- REQUIREMENT:
Beginning at the line that contains "Pro XL ガイド枠が付属しているため、貼り付け時に保護フィルムの位置決めが簡単で、ズレることもありません。" and finishing at the line that contains "cute Deer wearing", output the data below exactly. Include both end lines and no pictures.

- GIVEN INFORMATION:
----

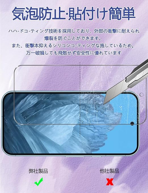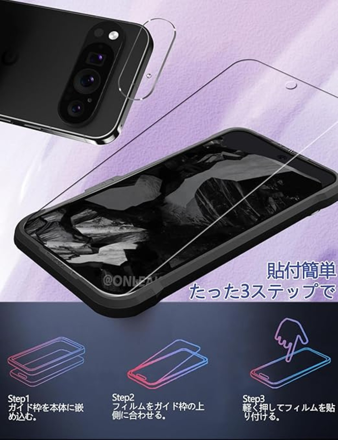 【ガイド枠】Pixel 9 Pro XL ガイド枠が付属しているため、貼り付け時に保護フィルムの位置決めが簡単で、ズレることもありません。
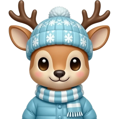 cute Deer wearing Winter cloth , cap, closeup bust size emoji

----

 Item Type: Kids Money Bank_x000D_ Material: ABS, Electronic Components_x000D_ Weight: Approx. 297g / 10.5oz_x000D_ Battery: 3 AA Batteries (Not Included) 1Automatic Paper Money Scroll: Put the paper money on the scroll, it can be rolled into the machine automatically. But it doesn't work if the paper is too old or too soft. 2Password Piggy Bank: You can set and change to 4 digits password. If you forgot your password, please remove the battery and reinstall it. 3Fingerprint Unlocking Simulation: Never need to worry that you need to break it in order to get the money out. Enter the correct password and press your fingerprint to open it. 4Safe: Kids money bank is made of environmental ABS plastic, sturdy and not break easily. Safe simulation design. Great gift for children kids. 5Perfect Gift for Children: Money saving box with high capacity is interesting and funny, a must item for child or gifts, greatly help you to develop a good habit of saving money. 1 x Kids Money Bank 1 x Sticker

----

- TASK SOLUTION:
 【ガイド枠】Pixel 9 Pro XL ガイド枠が付属しているため、貼り付け時に保護フィルムの位置決めが簡単で、ズレることもありません。
 cute Deer wearing Winter cloth , cap, closeup bust size emoji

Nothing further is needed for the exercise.